PDA

View Full Version : convert MsWord document (*.doc) to text



zero_one
January 13th, 2006, 11:00 AM
is there any way in PHP or ASP in which I can convert a Microsoft Word document into plain text?

this would later be saved in a database row so that i can do a fulltext search with mySQL. i don't need the formatting or images.. the user can get that by opening the link to the original doc file.

(i'd like to have the user just input the doc file + the user already has an archive of docs which would need to be added to this database)

mpelland
January 13th, 2006, 11:18 AM
http://www.google.com/custom?hl=en&lr=&ie=ISO-8859-1&oe=ISO-8859-1&client=pub-2951707118576741&channel=5742870948&cof=FORID%3A1%3BL%3Ahttp%3A%2F%2Ffiles.phpclasses. org%2Fgraphics%2Fgooglesearch.jpg%3BLH%3A50%3BLW%3 A256%3BGL%3A1%3BBGC%3AA3C5CC%3BT%3A%23000000%3BLC% 3A%230000ff%3BVLC%3A%23663399%3BALC%3A%230000ff%3B GALT%3A%23663399%3BGFNT%3A%230000ff%3BGIMP%3A%2300 00ff%3BDIV%3A%23222222%3BLBGC%3AA3C5CC%3BAH%3Acent er%3BS%3Ahttp%3A%2F%2Fwww.phpclasses.org%2Fsearch. html%3B&domains=www.phpclasses.org&q=read+ms+word+files&btnG=Search&sitesearch=www.phpclasses.org

try there

λ
January 13th, 2006, 01:22 PM
Try running http://www.45.free.net/~vitus/software/catdoc/ on a file with using the exec (http://uk2.php.net/manual/en/function.exec.php) function.

Note that with open standards there'd be no need to resort to an even slightly hacky solution like this ;)

zero_one
January 13th, 2006, 05:47 PM
Try running http://www.45.free.net/~vitus/software/catdoc/ (http://www.45.free.net/%7Evitus/software/catdoc/) on a file with using the exec (http://uk2.php.net/manual/en/function.exec.php) function.

Note that with open standards there'd be no need to resort to an even slightly hacky solution like this ;)


I'll take a look at it. thanks...
do you suggest any other way in which I can tackle this problem/application?

ironikart
January 13th, 2006, 07:25 PM
If you're site is running a *nix server you can use 'Antiword'

zero_one
January 14th, 2006, 05:38 PM
If you're site is running a *nix server you can use 'Antiword'

what's a nix server? i'll be hosting it on the hosting plans offered by godaddy.com

Jeff Wheeler
January 14th, 2006, 05:53 PM
It's a linux server (as opposed to a Windows server).

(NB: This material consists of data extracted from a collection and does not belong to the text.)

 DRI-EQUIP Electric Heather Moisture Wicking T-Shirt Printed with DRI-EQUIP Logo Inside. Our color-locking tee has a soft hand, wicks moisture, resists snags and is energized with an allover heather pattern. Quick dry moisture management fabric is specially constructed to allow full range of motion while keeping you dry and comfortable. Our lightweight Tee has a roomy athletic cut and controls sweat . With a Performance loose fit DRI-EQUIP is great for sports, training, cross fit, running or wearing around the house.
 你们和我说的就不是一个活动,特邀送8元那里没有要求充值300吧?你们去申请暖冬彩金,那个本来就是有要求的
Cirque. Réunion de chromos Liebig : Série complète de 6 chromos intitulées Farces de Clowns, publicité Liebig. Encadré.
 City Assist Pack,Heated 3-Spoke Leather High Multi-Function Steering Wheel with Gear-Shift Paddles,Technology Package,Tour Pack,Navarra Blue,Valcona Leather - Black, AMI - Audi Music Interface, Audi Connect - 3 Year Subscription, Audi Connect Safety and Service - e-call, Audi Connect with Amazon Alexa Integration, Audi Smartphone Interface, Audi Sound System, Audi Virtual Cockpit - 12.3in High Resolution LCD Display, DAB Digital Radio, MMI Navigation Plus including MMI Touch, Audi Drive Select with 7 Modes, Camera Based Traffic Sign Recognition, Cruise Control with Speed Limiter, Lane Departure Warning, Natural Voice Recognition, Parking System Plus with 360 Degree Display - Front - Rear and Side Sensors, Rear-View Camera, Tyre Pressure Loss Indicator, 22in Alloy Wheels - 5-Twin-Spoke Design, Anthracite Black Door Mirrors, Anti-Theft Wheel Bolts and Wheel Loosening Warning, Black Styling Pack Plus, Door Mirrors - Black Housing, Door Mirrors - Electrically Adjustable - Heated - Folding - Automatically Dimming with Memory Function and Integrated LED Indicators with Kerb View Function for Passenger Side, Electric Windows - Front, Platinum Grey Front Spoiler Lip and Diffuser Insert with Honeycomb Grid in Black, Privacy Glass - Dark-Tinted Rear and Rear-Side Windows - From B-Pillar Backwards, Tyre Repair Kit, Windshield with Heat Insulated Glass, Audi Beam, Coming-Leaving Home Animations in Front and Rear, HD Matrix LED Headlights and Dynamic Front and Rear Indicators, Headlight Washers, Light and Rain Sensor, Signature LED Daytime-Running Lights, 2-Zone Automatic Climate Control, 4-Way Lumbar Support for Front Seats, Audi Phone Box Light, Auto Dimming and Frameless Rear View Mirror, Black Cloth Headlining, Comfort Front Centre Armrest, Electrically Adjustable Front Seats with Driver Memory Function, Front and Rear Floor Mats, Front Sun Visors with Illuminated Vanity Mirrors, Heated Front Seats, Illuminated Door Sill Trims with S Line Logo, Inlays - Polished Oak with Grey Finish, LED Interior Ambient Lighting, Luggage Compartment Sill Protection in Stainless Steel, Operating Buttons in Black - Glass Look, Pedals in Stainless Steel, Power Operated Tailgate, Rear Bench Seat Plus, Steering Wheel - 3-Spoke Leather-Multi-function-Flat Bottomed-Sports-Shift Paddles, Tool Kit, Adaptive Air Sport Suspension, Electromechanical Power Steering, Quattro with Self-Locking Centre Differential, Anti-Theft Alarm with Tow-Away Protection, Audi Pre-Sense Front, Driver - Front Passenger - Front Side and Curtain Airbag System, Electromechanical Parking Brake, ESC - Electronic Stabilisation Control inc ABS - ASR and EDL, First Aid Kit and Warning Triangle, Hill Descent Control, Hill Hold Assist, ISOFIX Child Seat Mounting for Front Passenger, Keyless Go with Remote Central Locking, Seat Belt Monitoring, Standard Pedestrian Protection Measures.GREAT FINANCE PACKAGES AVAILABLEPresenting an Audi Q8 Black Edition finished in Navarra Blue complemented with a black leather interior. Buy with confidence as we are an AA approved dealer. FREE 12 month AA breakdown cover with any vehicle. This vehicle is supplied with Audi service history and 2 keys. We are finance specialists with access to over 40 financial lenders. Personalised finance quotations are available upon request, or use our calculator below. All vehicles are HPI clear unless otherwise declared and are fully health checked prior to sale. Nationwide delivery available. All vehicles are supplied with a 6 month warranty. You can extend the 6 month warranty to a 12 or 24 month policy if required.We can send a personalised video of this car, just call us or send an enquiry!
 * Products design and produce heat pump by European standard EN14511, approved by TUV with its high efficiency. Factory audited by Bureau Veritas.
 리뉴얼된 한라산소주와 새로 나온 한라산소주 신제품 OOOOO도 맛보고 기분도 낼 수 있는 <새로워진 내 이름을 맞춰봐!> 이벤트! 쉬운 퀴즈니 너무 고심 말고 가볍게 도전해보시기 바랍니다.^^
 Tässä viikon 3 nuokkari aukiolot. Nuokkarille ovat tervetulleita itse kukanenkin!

You'll be a happy camper if you're on one. :)

zero_one
January 15th, 2006, 08:01 AM
It's a linux server (as opposed to a Windows server). You'll be a happy camper if you're on one. :)

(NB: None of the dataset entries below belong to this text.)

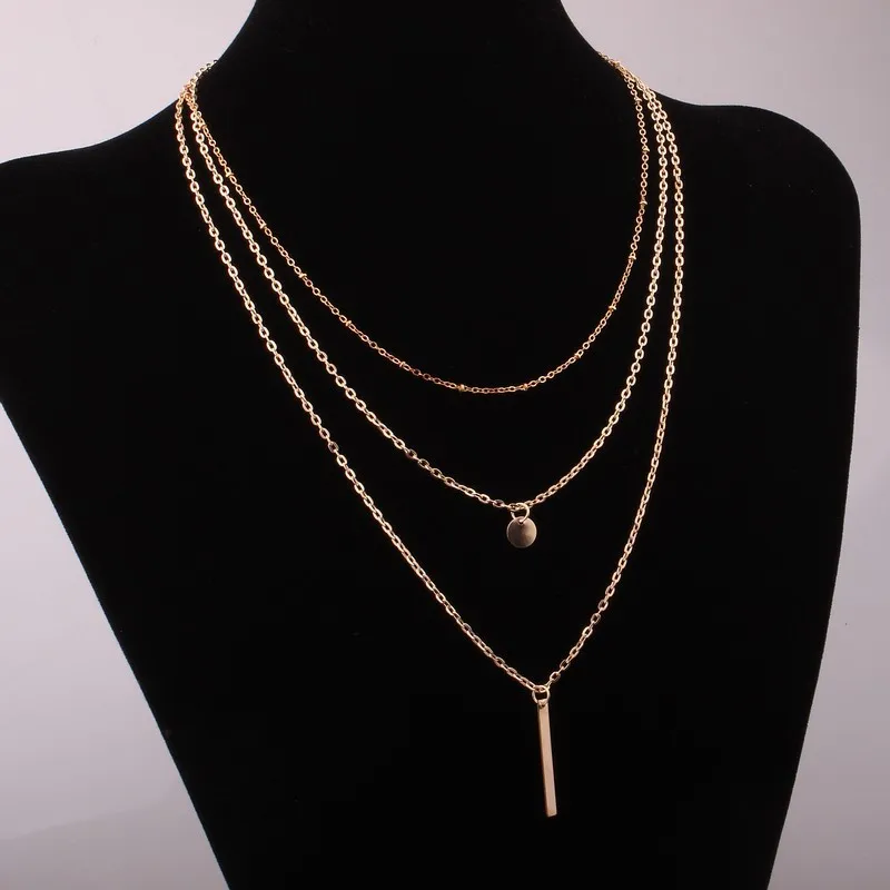 European and American Fashion Jewelry: Multi-layer Round Copper Bead Chain Sequin Metal Strip Necklace Elegant and Versatile
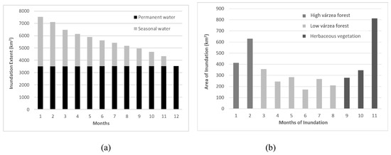This map can also be used for the zonation of plant communities described in [37]. According to Ferreira’s zonation [37], the vegetation zonation along the hydroperiod and flood-level gradient on várzea floodplains are well characterized. Central Amazonian várzea forests are divided as high várzea or low várzea, with few species found in both forest types. High várzea forests are found on more stable sites, where the flood period is generally < 50 days per year and the water level is <3 m. Low várzea forests become established where the annual water column has an average height of >3 m, which corresponds to an inundation period of 50 to 270 day per year. The herbaceous vegetation is subjected to average annual flooding of 8–9 months. Figure 7b which was derived from Figure 6 shows the area statistics of wetland vegetation of the study area based on the Ferreira’s zonation. Although, the vegetation composition of the várzea floodplain depends on the duration and amplitude of flooding, the derived three zones are not detailed enough to categorize the actual wetland vegetation.
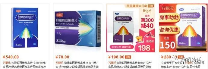 江苏亚邦爱普森药业虽然未上市,在网上也能看到该药企销售的伟哥产品--万菲乐。万菲乐的销售价格在198元一盒至540元一盒,销售均价在19.8元/片至54元/片左右,也低于金戈销售均价。

yes i'll be on a Linux server

Jeff Wheeler
January 15th, 2006, 09:21 AM
Then use antiword. :)

ironikart
January 15th, 2006, 05:14 PM
If you're on a shared hosting plan (which sounds like you will be) the host may have already installed the tools. I'd check with them to see whether they have, whether they will allow you to install them and also whether the php.ini settings will allow you to call the exec() function which is what you will (I think) need to call antiword and pass information back to php.